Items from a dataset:
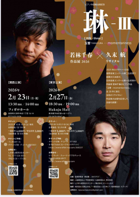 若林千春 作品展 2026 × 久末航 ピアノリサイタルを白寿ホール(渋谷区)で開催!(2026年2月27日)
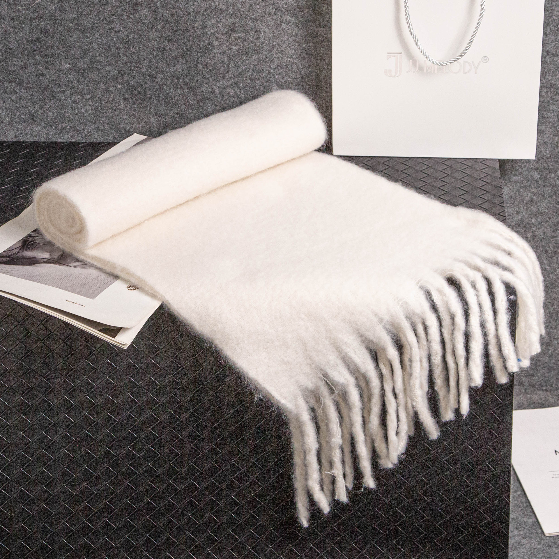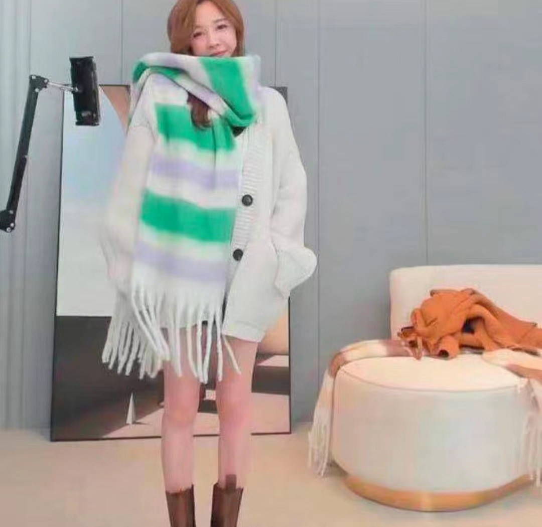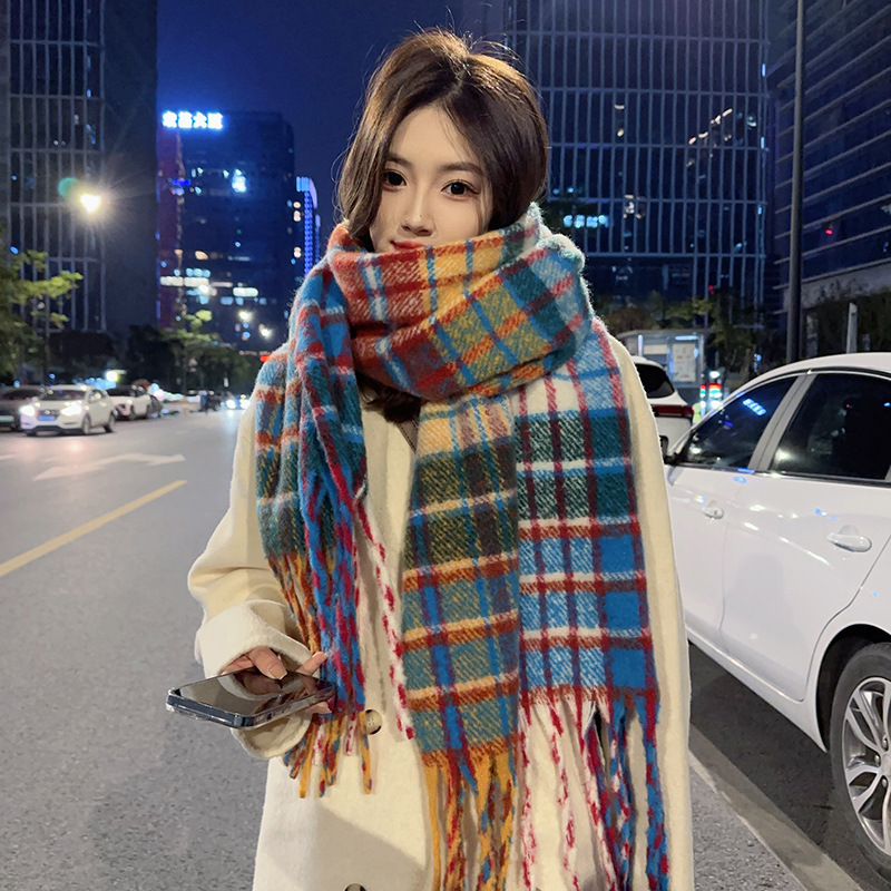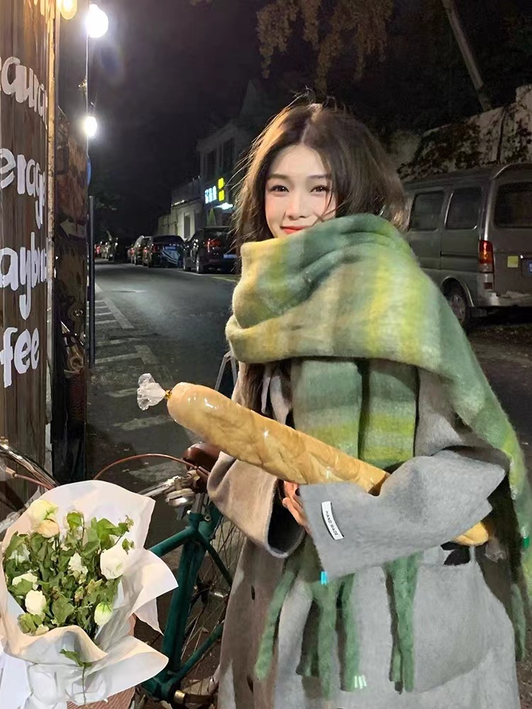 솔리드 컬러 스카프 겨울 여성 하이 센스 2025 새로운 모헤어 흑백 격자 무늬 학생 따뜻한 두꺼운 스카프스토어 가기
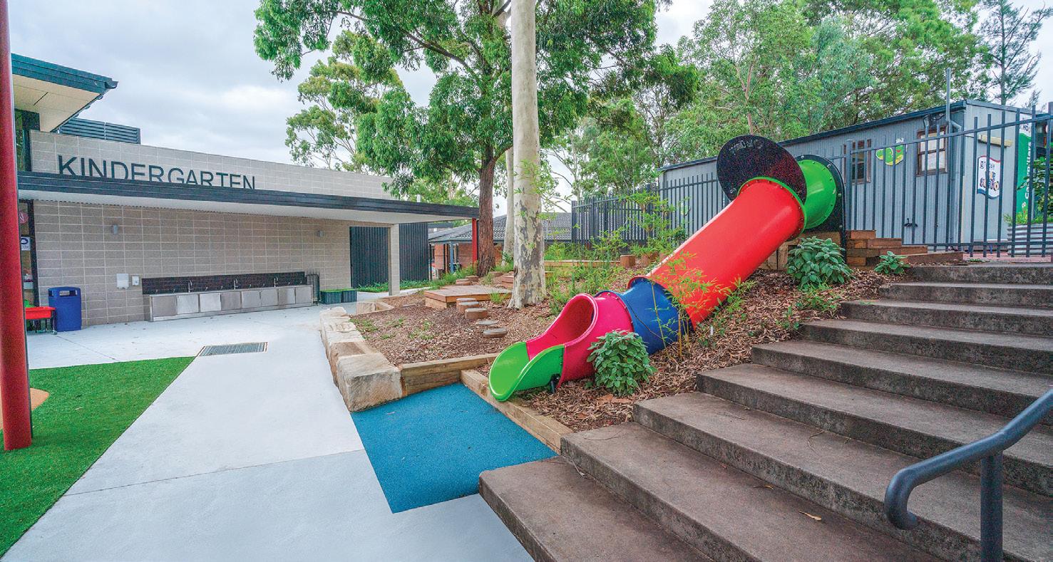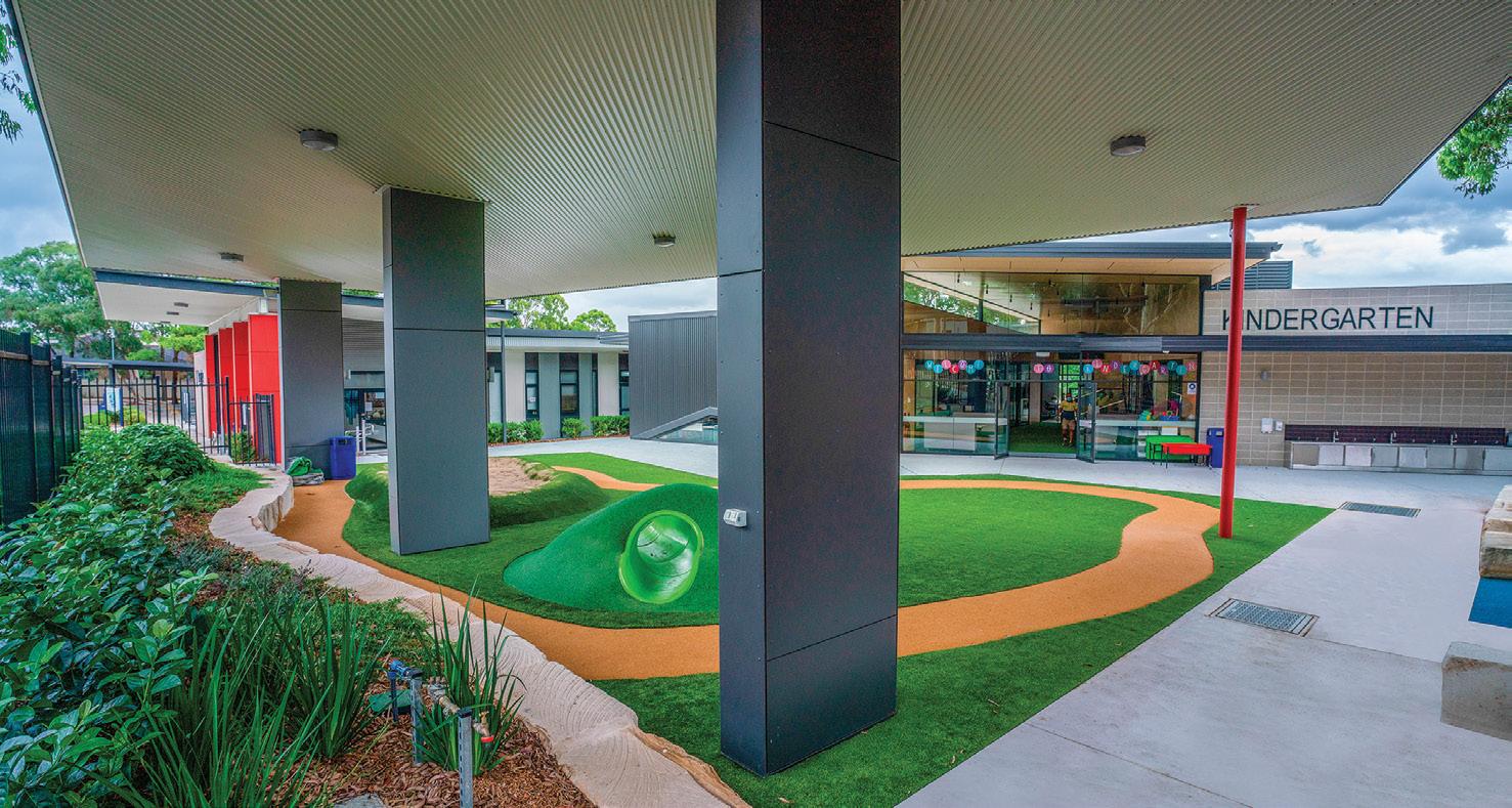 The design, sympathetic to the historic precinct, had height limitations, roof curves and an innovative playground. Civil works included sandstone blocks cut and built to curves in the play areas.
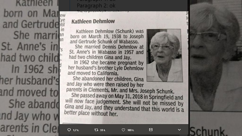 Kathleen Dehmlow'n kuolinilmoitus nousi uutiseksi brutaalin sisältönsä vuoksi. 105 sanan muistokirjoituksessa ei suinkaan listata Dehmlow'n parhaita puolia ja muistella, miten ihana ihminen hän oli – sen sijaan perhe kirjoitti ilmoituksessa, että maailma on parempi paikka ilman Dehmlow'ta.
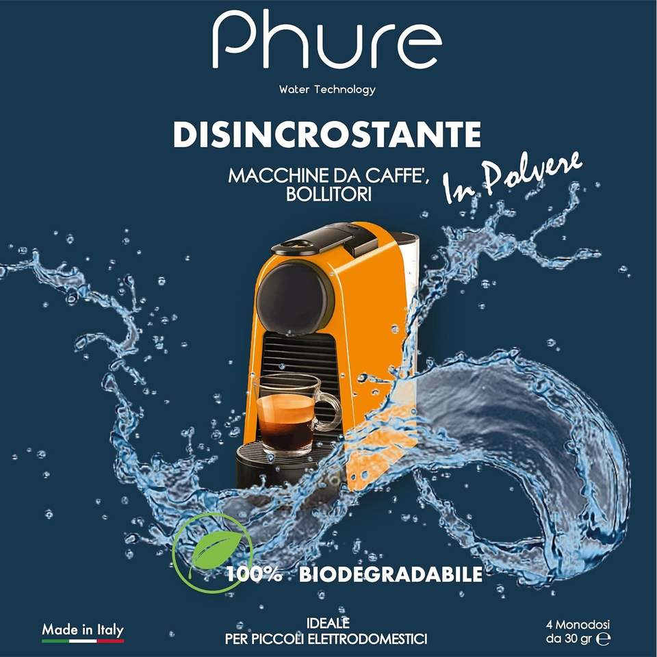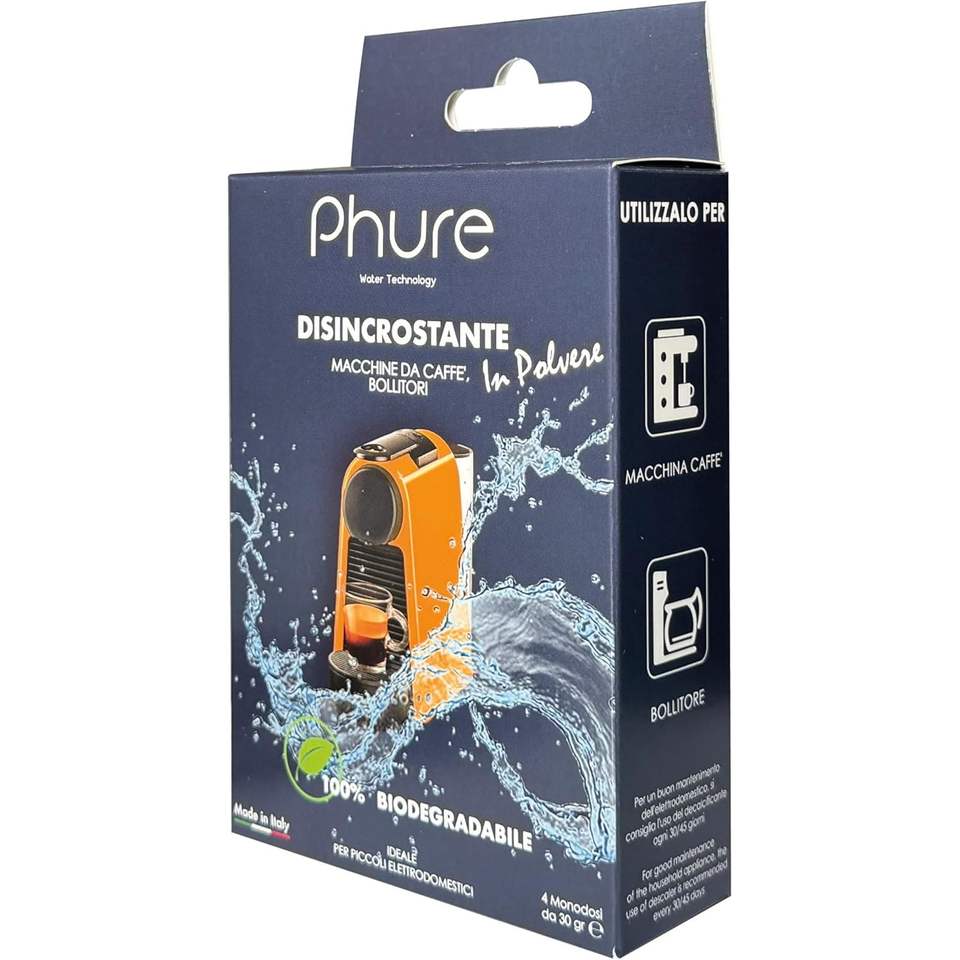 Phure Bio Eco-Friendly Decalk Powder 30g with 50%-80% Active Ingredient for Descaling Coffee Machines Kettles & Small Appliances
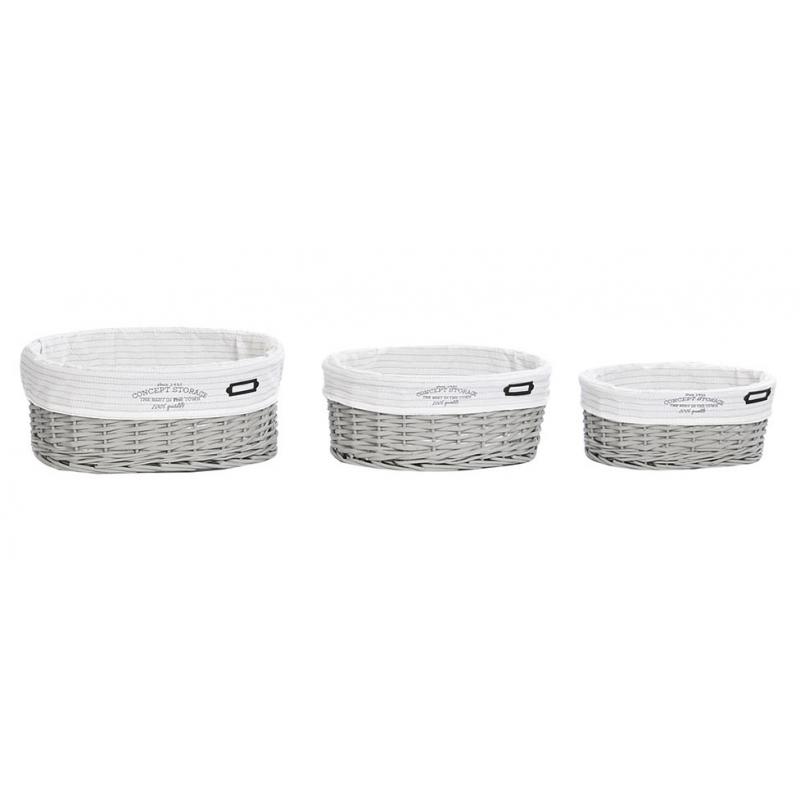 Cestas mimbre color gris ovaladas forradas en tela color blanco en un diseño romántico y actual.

EXERCISE DIRECTIONS: The required output is the exact run of lines from the start of the records through the line containing "Kathleen Dehmlow'n kuolinilmoitus", both ends included, with no pictures.

ANSWER BOX:
 若林千春 作品展 2026 × 久末航 ピアノリサイタルを白寿ホール(渋谷区)で開催!(2026年2月27日)
 솔리드 컬러 스카프 겨울 여성 하이 센스 2025 새로운 모헤어 흑백 격자 무늬 학생 따뜻한 두꺼운 스카프스토어 가기
 The design, sympathetic to the historic precinct, had height limitations, roof curves and an innovative playground. Civil works included sandstone blocks cut and built to curves in the play areas.
 Kathleen Dehmlow'n kuolinilmoitus nousi uutiseksi brutaalin sisältönsä vuoksi. 105 sanan muistokirjoituksessa ei suinkaan listata Dehmlow'n parhaita puolia ja muistella, miten ihana ihminen hän oli – sen sijaan perhe kirjoitti ilmoituksessa, että maailma on parempi paikka ilman Dehmlow'ta.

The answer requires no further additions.